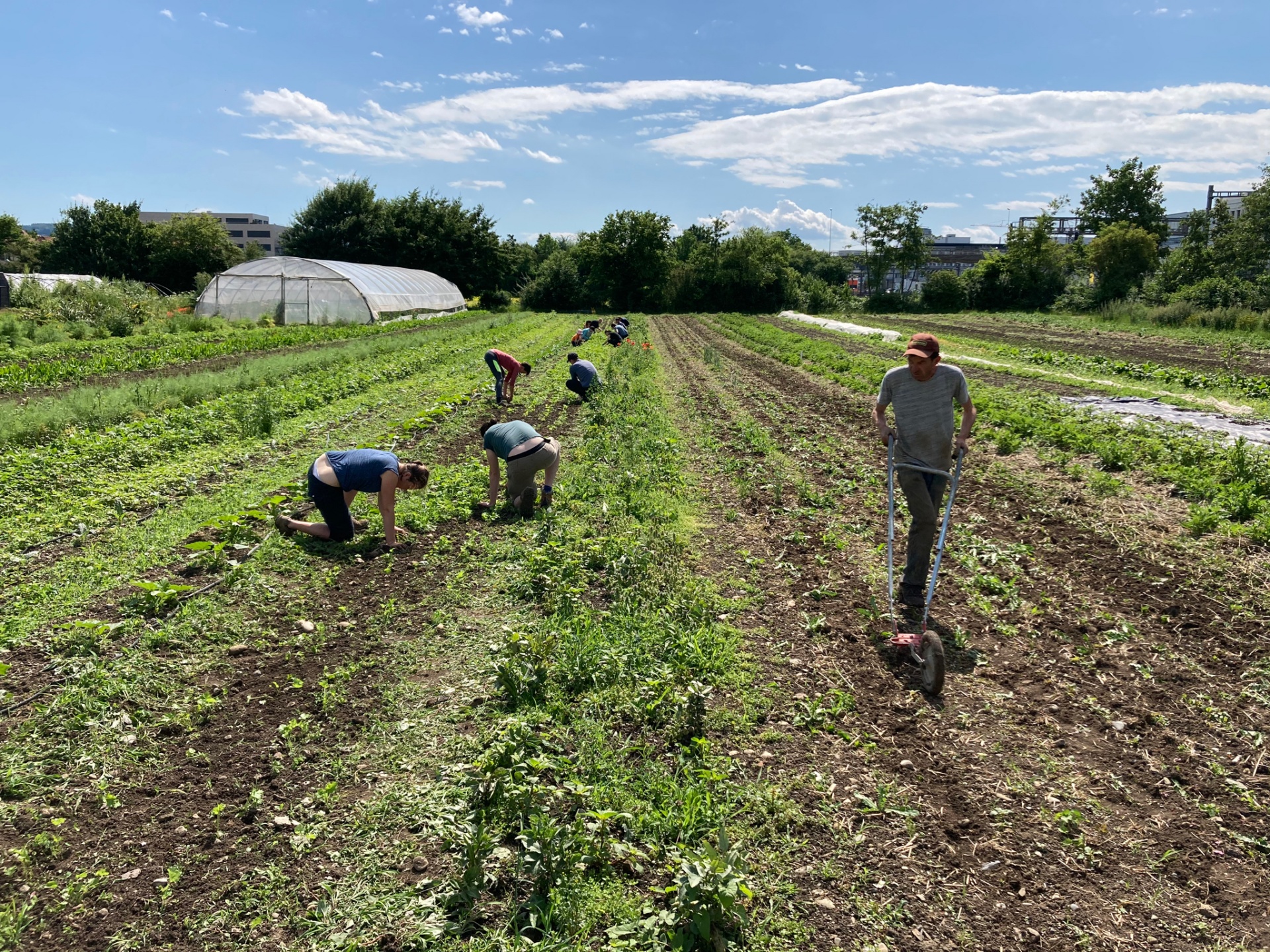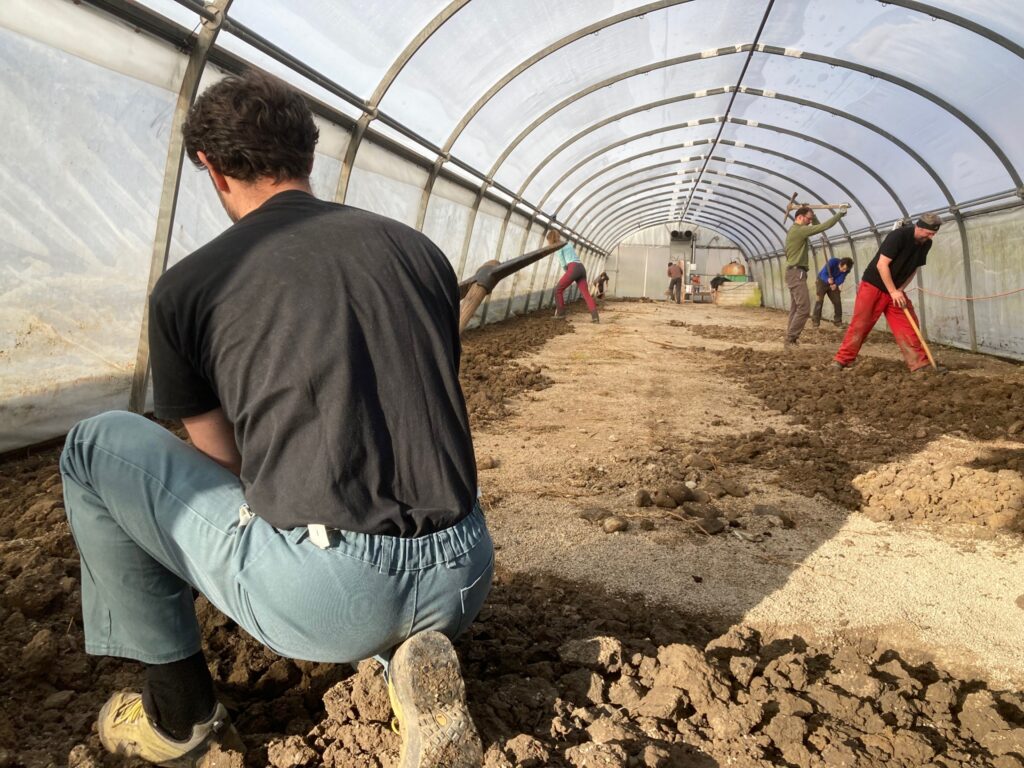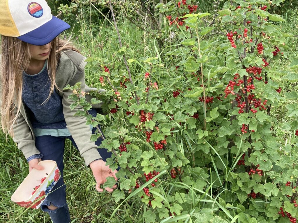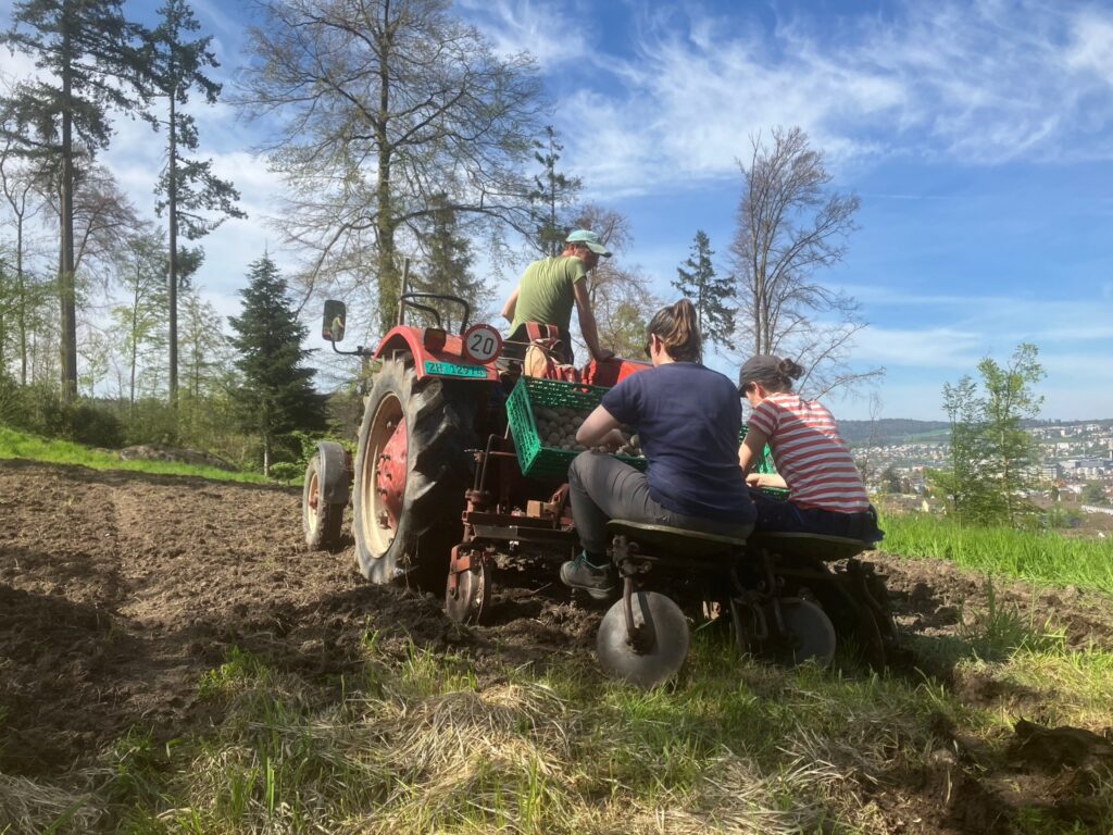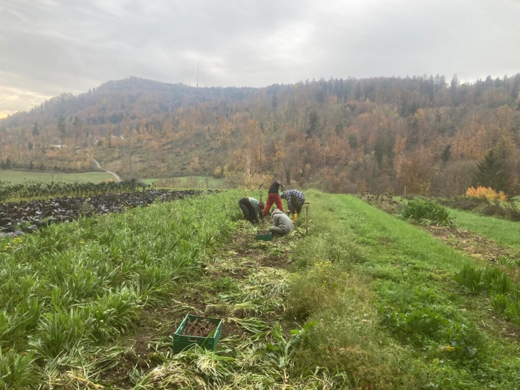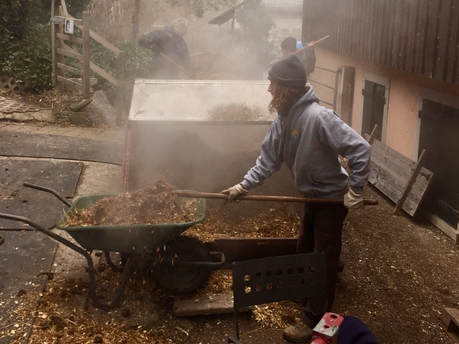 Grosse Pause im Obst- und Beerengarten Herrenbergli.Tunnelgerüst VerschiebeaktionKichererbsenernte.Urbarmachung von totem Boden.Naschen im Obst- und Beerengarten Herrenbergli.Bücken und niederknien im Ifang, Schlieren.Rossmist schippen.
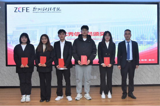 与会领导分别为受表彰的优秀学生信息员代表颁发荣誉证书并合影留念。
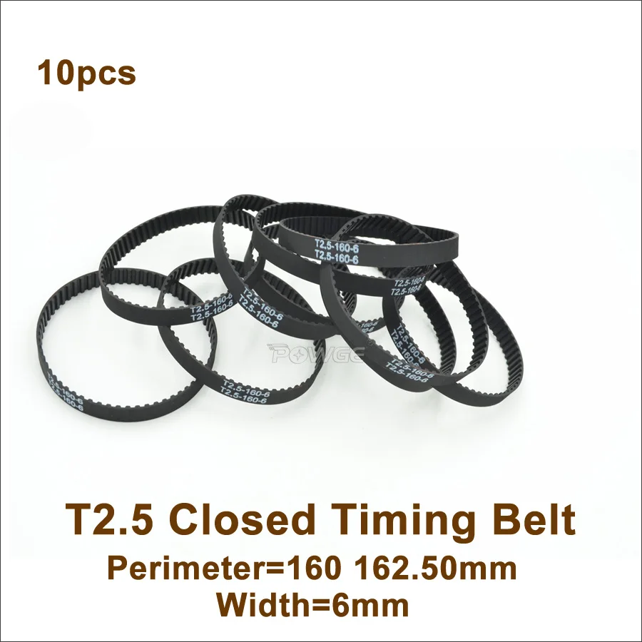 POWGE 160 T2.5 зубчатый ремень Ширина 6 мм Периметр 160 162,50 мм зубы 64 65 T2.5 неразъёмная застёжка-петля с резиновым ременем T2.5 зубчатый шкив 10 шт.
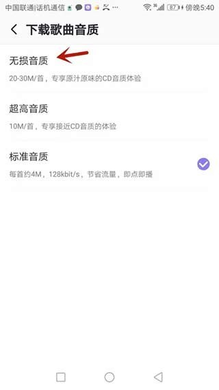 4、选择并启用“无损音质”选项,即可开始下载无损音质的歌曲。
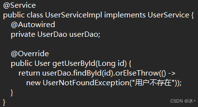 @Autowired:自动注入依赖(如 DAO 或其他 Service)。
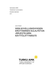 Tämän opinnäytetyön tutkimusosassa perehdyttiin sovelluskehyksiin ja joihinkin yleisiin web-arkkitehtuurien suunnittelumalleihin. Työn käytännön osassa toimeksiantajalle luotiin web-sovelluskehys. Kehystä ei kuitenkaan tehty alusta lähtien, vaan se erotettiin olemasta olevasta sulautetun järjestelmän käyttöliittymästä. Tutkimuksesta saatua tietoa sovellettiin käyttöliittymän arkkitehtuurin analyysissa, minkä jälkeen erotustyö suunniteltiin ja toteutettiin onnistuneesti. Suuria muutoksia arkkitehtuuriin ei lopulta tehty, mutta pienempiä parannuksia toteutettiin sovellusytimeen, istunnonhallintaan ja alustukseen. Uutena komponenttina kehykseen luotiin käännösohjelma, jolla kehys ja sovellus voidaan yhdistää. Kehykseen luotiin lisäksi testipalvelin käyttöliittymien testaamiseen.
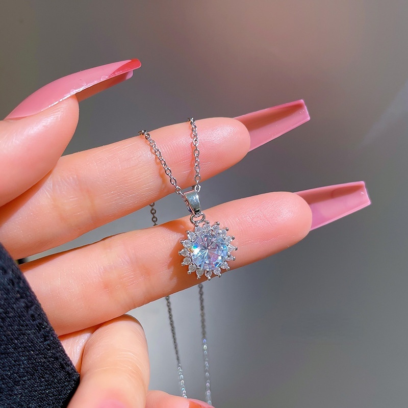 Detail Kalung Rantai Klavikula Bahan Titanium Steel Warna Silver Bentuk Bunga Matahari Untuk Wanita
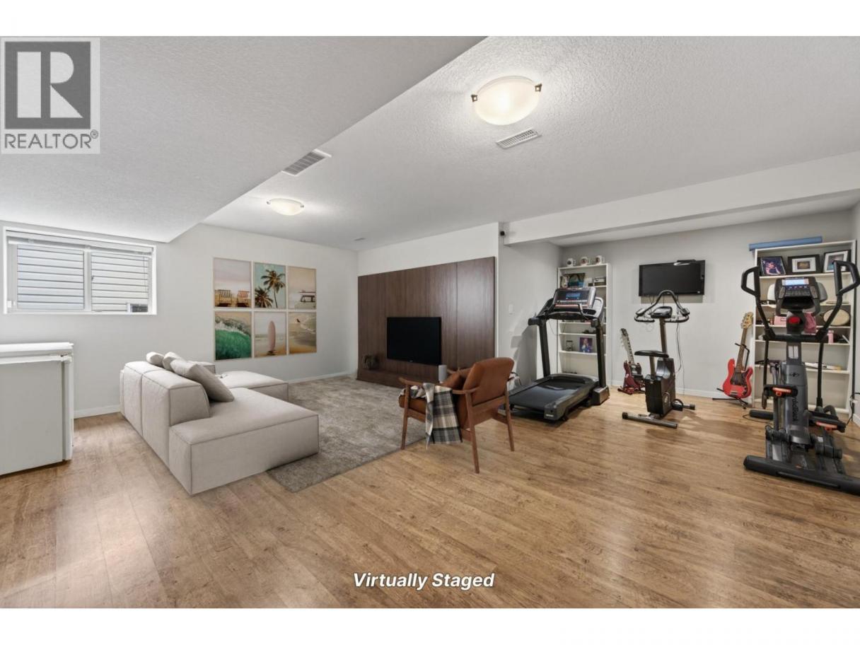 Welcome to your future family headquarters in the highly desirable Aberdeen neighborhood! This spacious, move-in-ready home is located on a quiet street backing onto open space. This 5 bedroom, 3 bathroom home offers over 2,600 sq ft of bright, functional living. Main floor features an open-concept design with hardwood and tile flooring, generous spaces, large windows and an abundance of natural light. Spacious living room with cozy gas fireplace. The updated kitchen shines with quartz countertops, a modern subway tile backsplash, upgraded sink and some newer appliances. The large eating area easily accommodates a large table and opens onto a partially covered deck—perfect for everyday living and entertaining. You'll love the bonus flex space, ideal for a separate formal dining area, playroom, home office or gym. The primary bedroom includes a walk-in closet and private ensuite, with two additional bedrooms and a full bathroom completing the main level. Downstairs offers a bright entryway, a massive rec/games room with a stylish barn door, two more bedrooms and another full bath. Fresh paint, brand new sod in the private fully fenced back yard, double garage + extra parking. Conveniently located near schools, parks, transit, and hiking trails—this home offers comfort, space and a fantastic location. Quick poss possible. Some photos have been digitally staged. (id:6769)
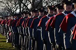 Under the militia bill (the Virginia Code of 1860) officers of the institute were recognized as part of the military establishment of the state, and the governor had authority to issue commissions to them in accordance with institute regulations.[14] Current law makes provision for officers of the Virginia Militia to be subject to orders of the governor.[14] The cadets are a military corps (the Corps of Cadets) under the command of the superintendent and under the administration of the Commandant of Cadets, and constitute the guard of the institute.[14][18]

***

What you should do: Above are some records; extract exactly the lines from the one containing "Tämän opinnäytetyön tutkimusosassa" through the one containing "Detail Kalung Rantai" and drop the pictures.

Answer area:
 Tämän opinnäytetyön tutkimusosassa perehdyttiin sovelluskehyksiin ja joihinkin yleisiin web-arkkitehtuurien suunnittelumalleihin. Työn käytännön osassa toimeksiantajalle luotiin web-sovelluskehys. Kehystä ei kuitenkaan tehty alusta lähtien, vaan se erotettiin olemasta olevasta sulautetun järjestelmän käyttöliittymästä. Tutkimuksesta saatua tietoa sovellettiin käyttöliittymän arkkitehtuurin analyysissa, minkä jälkeen erotustyö suunniteltiin ja toteutettiin onnistuneesti. Suuria muutoksia arkkitehtuuriin ei lopulta tehty, mutta pienempiä parannuksia toteutettiin sovellusytimeen, istunnonhallintaan ja alustukseen. Uutena komponenttina kehykseen luotiin käännösohjelma, jolla kehys ja sovellus voidaan yhdistää. Kehykseen luotiin lisäksi testipalvelin käyttöliittymien testaamiseen.
 Detail Kalung Rantai Klavikula Bahan Titanium Steel Warna Silver Bentuk Bunga Matahari Untuk Wanita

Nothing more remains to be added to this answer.